Una pregunta publicada en un feed general se pierde al desplazarse y se responde una vez, si acaso. Mateflow crea cada espacio con un tipo que determina cómo se comporta el contenido dentro de él, y el espacio de Q&A es el que importa aquí: las preguntas siguen siendo preguntas y quien pregunta puede marcar una respuesta como aceptada, un pequeño reconocimiento público que hace que responder merezca el esfuerzo. Poner la ayuda en su propio espacio también evita que compita con el chat, que es la versión más común de equivocarse con la estructura.
Conviene conocer un límite, y resulta ser justo aquello que querrías automatizar. Las automatizaciones se disparan con eventos de miembros y de contenido — alguien que se une, que entra en un espacio, que sube de nivel, que alcanza un umbral de puntos, que termina la incorporación, una publicación creada, una publicación comentada, la confirmación de asistencia a un evento. No hay ningún disparador para el silencio.

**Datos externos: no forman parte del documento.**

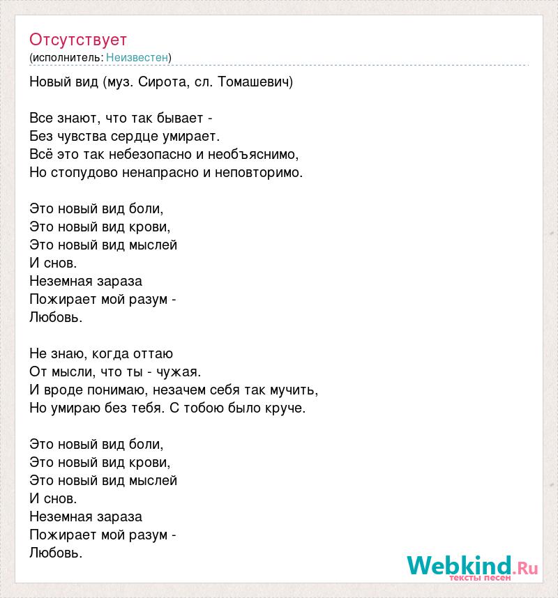 Новый вид (муз. Сирота, сл. Томашевич) Все знают, что так бывает - Без чувства сердце умирает. Всё это так небезопасно и необъяснимо, Но стопудово ненапрасно и неповторимо. Это новый вид боли, Это новый вид крови, Это новый вид мыслей И снов. Неземная зараза Пожирает мой разум - Любовь. Не знаю, когда оттаю От мысли, что ты - чужая. И вроде понимаю, незачем себя так мучить, Но умираю без тебя. С тобою было круче. Это новый вид боли, Это новый вид крови, Это новый вид мыслей И снов. Неземная зараза Пожирает мой разум - Любовь.

El sistema puede actuar cuando alguien responde; no puede darse cuenta de que no lo hizo nadie, así que la pregunta sin responder te toca a ti detectarla mirando.

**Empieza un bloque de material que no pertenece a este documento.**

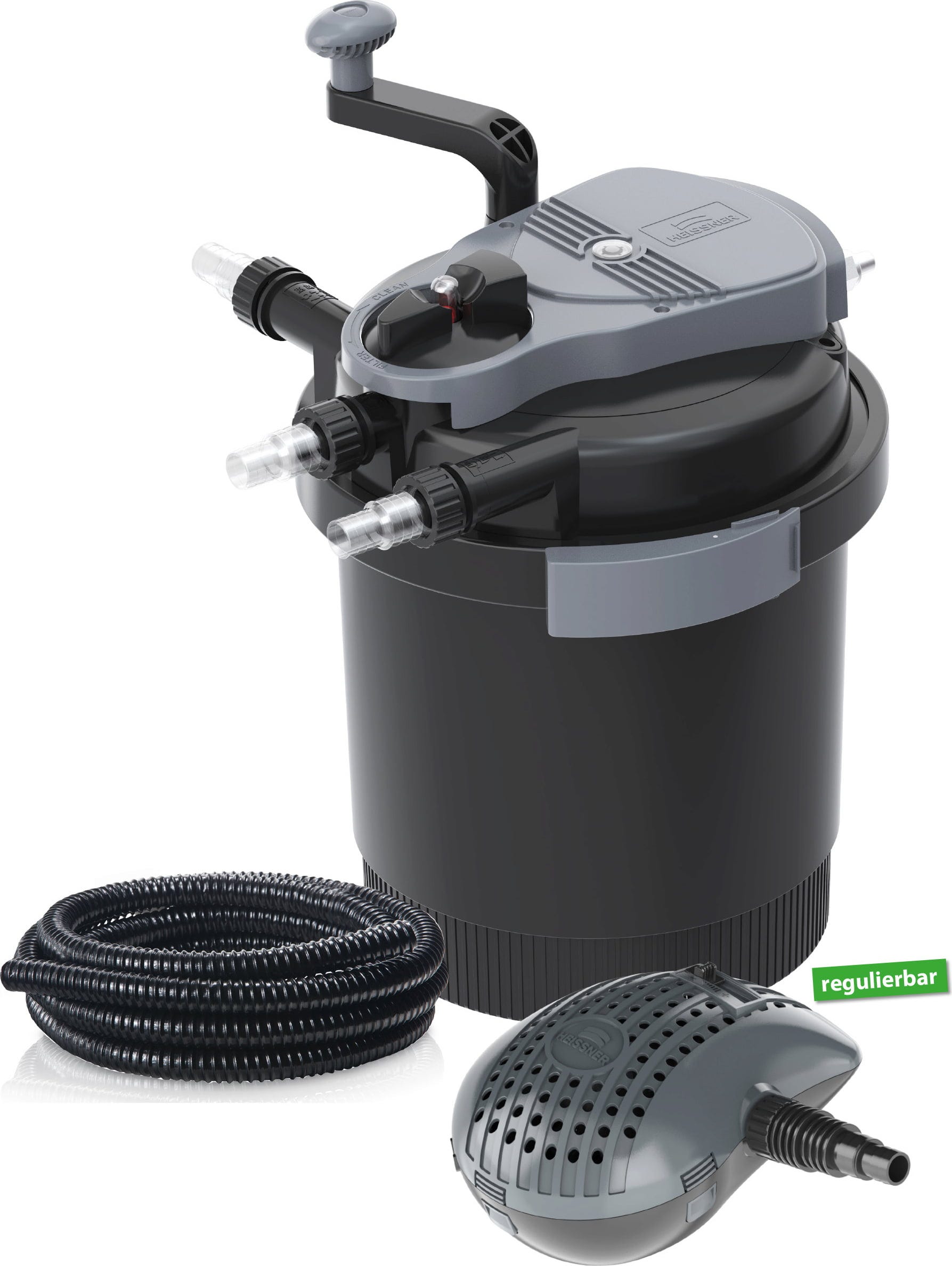 Filtrirni sistem za ribnik HEISSNER Aqua Craft Eco z nastavljivo filtrirno črpalko in integriranim UVC čistilnikom ponuja učinkovito rešitev za vaš ribnik. Zahvaljujoč sistemu povratnega izpiranja lahko filter očistite v nekaj sekundah, ne da bi morali odpreti ohišje. Sproščena umazanija se preprosto izpusti skozi ločen iztok. Očiščeno vodo lahko nato enostavno prečrpate v višje gladine potokov ali fontan ali pa jo uporabite za okrasne vodne elemente.

Tres cosas que no hay que hacer
No lo anuncies. "¡Este es un sitio donde nos ayudamos entre todos!" es una publicación sobre el comportamiento, no un cambio en él, y la sala lo leerá como una queja suave.
No pagues por respuestas. Las recompensas por responder producen contenido con forma de respuesta — asentimiento, repetición de lo ya dicho, volumen — y las respuestas útiles nunca iban a venir de quien se mueve por ese motivo.

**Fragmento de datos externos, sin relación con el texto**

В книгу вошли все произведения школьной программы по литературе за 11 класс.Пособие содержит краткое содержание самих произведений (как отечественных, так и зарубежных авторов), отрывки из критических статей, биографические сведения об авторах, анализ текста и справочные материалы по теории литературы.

No desaparezcas para demostrar algo. Retirarte del todo es otra estrategia y con peor resultado; lo que quieres es estar presente y ser menos central, que es más difícil que estar ausente y no se parece en nada.
Cómo sabrás que está funcionando
La cifra que hay que vigilar no son las publicaciones, y desde luego no son los miembros.
Es la proporción de hilos en los que no apareces. Una comunidad funciona cuando ocurren buenas conversaciones sin ti dentro — no cuando te ignoran, sino cuando puedes leer un hilo de ayer que se resolvió solo y bien y no necesitó nada de ti.
Míralo cada mes, no cada día, porque se mueve despacio y la versión diaria te dirá que vuelvas a responderlo todo — que es la trampa, y la razón por la que conviene medirlo en serio junto con las métricas que significan algo y no a ojo.
En resumen
Nada de esto te pide que te importe menos ni que seas menos útil. Te pide que seas útil de una manera que deje sitio a los demás.
Espera unas horas en las preguntas que no son tuyas. Responde a medias y nombra el hueco. Pregunta cosas que de verdad no sabes. Di el nombre de una persona en lugar de hablarle al aire y devuelve las preguntas privadas a la luz pública. Luego júzgalo en meses, por la cantidad de buenos hilos en los que no estuviste — porque la comunidad que quieres es la que seguiría funcionando quince días si desaparecieras, y eso es además, no por casualidad, la diferencia entre una reactivación y un relanzamiento.